A friend found the opportunity online and shared it with me, telling me that I would be perfect for this. I was hesitant to apply at first since the fellowship mainly admitted Ph.D. students in technical fields, while I had only started programming just a few months prior to applying in January 2018. However, my background in the social sciences and subsequent exposure to machine learning at DSI helped me succeed in the interviews and also prepared me well for the fellowship.

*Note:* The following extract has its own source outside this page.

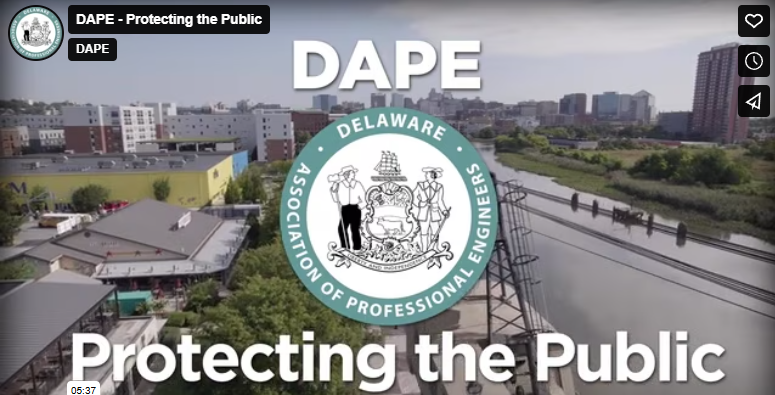 The Delaware Association of Professional Engineers (DAPE) was created through Delaware Code Title 24 Chapter 28 in 1972. DAPE is a self-regulated professional licensing board, established to safeguard life, health, and property and to promote public welfare, through a high standard of integrity, skills, and practice in the profession of engineering. DAPE’s Council establishes the qualifications and evaluates individual and firm candidates for Professional Engineer licensure in the State of Delaware.
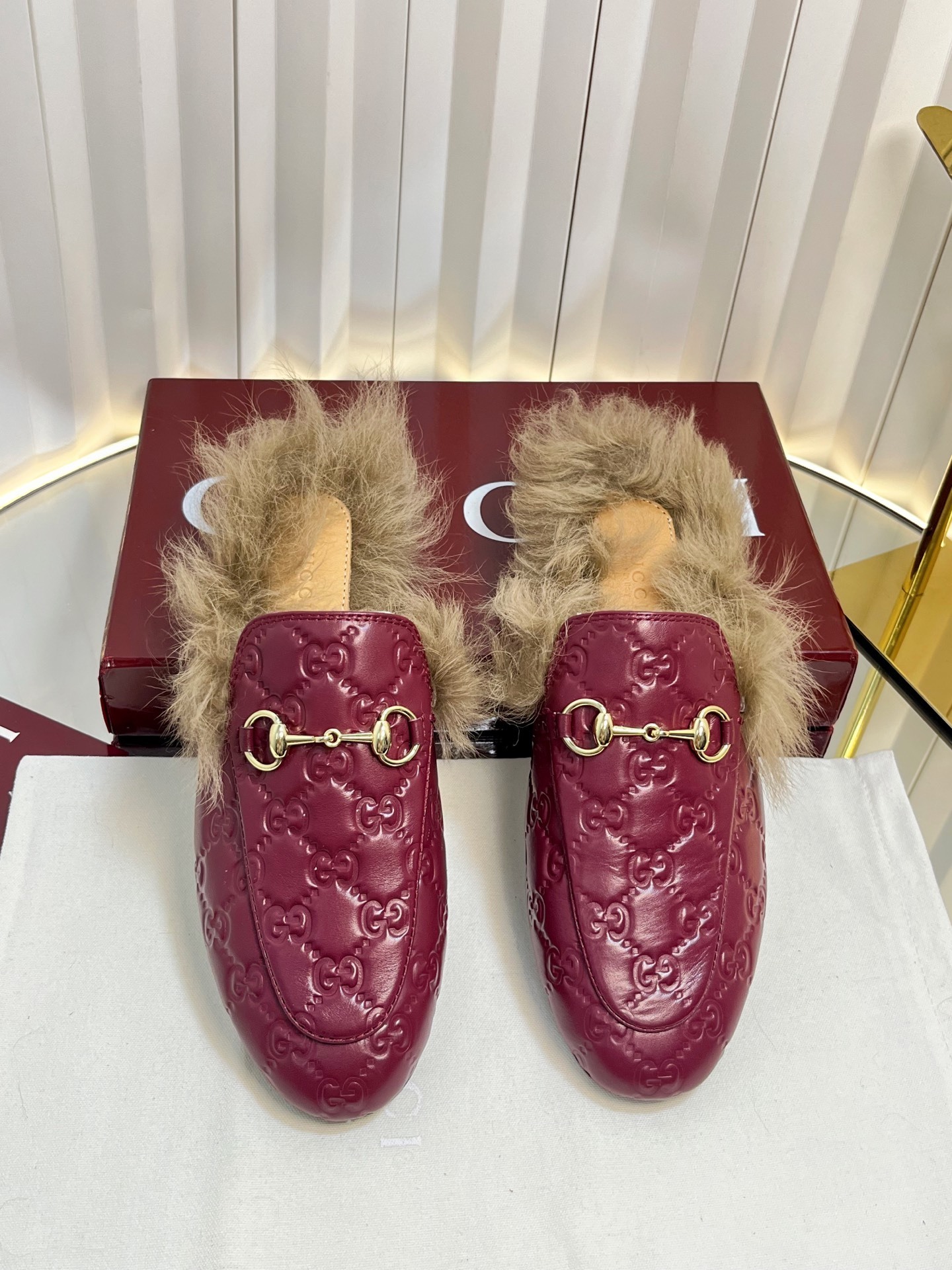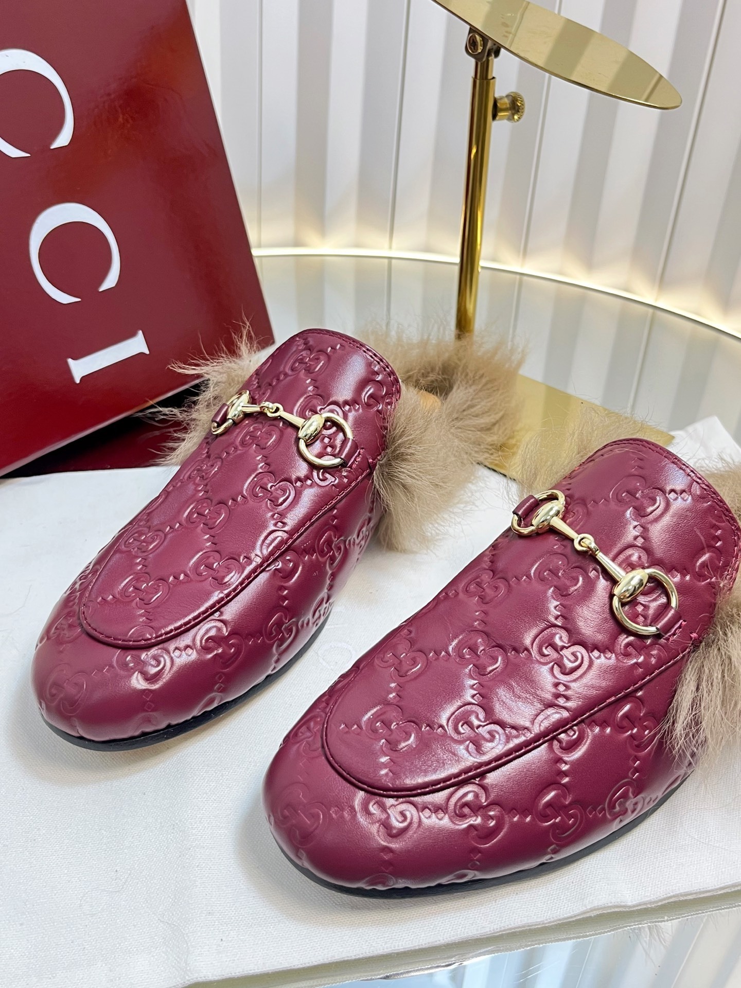 Gucci Burgundy Fur Loafers - Gucci Burgundy Embossed Fur-Lined Loafers

What is the aim of the fellowship?
The Data Science for Social Good Fellowship run by the University of Chicago is an initiative that connects data scientists to governments, NGOs and other such organizations to address high-impact issues facing societies. The fellowship is run in multiple locations each year and locations change each year, depending on where the organizations that UChicago decides to work with are based. I was in Lisbon, Portugal, for the whole duration: three months.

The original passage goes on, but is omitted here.